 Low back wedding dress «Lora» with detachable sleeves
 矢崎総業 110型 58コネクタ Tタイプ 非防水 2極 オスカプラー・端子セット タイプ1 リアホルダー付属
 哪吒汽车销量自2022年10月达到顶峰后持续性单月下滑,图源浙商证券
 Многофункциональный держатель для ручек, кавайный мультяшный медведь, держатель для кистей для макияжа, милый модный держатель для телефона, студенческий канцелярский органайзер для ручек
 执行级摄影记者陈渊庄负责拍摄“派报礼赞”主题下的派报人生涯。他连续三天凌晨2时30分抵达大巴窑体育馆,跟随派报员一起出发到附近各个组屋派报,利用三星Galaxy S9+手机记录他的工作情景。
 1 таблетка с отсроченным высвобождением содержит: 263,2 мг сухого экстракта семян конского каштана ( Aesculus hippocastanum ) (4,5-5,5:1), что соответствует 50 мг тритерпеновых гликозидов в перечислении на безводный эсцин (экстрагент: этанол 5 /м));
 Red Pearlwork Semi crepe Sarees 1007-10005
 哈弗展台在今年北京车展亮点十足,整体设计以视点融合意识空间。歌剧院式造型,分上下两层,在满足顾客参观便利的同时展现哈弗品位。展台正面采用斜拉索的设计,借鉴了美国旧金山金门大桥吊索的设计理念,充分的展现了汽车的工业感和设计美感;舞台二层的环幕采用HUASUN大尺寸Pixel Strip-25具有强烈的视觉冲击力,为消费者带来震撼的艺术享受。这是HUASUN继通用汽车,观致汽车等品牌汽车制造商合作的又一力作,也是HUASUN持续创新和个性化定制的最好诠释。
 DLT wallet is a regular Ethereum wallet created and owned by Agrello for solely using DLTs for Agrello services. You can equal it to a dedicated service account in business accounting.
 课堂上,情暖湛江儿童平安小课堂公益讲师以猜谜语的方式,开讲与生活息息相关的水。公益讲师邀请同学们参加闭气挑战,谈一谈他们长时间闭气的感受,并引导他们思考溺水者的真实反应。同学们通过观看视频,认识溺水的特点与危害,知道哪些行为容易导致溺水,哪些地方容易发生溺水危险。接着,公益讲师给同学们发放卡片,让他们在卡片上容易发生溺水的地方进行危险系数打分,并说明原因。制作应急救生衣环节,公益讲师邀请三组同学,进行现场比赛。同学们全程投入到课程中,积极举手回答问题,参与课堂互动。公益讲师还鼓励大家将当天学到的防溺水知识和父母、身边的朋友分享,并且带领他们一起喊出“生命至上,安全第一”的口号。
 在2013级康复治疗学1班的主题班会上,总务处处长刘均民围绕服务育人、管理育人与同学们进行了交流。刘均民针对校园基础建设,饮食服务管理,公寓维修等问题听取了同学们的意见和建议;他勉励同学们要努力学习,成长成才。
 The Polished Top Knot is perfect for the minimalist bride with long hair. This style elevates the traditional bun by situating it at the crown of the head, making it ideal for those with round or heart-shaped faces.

● ● ●

WHAT YOU ARE ASKED TO DO: Transcribe all of the lines in the records precisely.

SOLUTION FOR THIS TASK:
 Low back wedding dress «Lora» with detachable sleeves
 矢崎総業 110型 58コネクタ Tタイプ 非防水 2極 オスカプラー・端子セット タイプ1 リアホルダー付属
 哪吒汽车销量自2022年10月达到顶峰后持续性单月下滑,图源浙商证券
 Многофункциональный держатель для ручек, кавайный мультяшный медведь, держатель для кистей для макияжа, милый модный держатель для телефона, студенческий канцелярский органайзер для ручек
 执行级摄影记者陈渊庄负责拍摄“派报礼赞”主题下的派报人生涯。他连续三天凌晨2时30分抵达大巴窑体育馆,跟随派报员一起出发到附近各个组屋派报,利用三星Galaxy S9+手机记录他的工作情景。
 1 таблетка с отсроченным высвобождением содержит: 263,2 мг сухого экстракта семян конского каштана ( Aesculus hippocastanum ) (4,5-5,5:1), что соответствует 50 мг тритерпеновых гликозидов в перечислении на безводный эсцин (экстрагент: этанол 5 /м));
 Red Pearlwork Semi crepe Sarees 1007-10005
 哈弗展台在今年北京车展亮点十足,整体设计以视点融合意识空间。歌剧院式造型,分上下两层,在满足顾客参观便利的同时展现哈弗品位。展台正面采用斜拉索的设计,借鉴了美国旧金山金门大桥吊索的设计理念,充分的展现了汽车的工业感和设计美感;舞台二层的环幕采用HUASUN大尺寸Pixel Strip-25具有强烈的视觉冲击力,为消费者带来震撼的艺术享受。这是HUASUN继通用汽车,观致汽车等品牌汽车制造商合作的又一力作,也是HUASUN持续创新和个性化定制的最好诠释。
 DLT wallet is a regular Ethereum wallet created and owned by Agrello for solely using DLTs for Agrello services. You can equal it to a dedicated service account in business accounting.
 课堂上,情暖湛江儿童平安小课堂公益讲师以猜谜语的方式,开讲与生活息息相关的水。公益讲师邀请同学们参加闭气挑战,谈一谈他们长时间闭气的感受,并引导他们思考溺水者的真实反应。同学们通过观看视频,认识溺水的特点与危害,知道哪些行为容易导致溺水,哪些地方容易发生溺水危险。接着,公益讲师给同学们发放卡片,让他们在卡片上容易发生溺水的地方进行危险系数打分,并说明原因。制作应急救生衣环节,公益讲师邀请三组同学,进行现场比赛。同学们全程投入到课程中,积极举手回答问题,参与课堂互动。公益讲师还鼓励大家将当天学到的防溺水知识和父母、身边的朋友分享,并且带领他们一起喊出“生命至上,安全第一”的口号。
 在2013级康复治疗学1班的主题班会上,总务处处长刘均民围绕服务育人、管理育人与同学们进行了交流。刘均民针对校园基础建设,饮食服务管理,公寓维修等问题听取了同学们的意见和建议;他勉励同学们要努力学习,成长成才。
 The Polished Top Knot is perfect for the minimalist bride with long hair. This style elevates the traditional bun by situating it at the crown of the head, making it ideal for those with round or heart-shaped faces.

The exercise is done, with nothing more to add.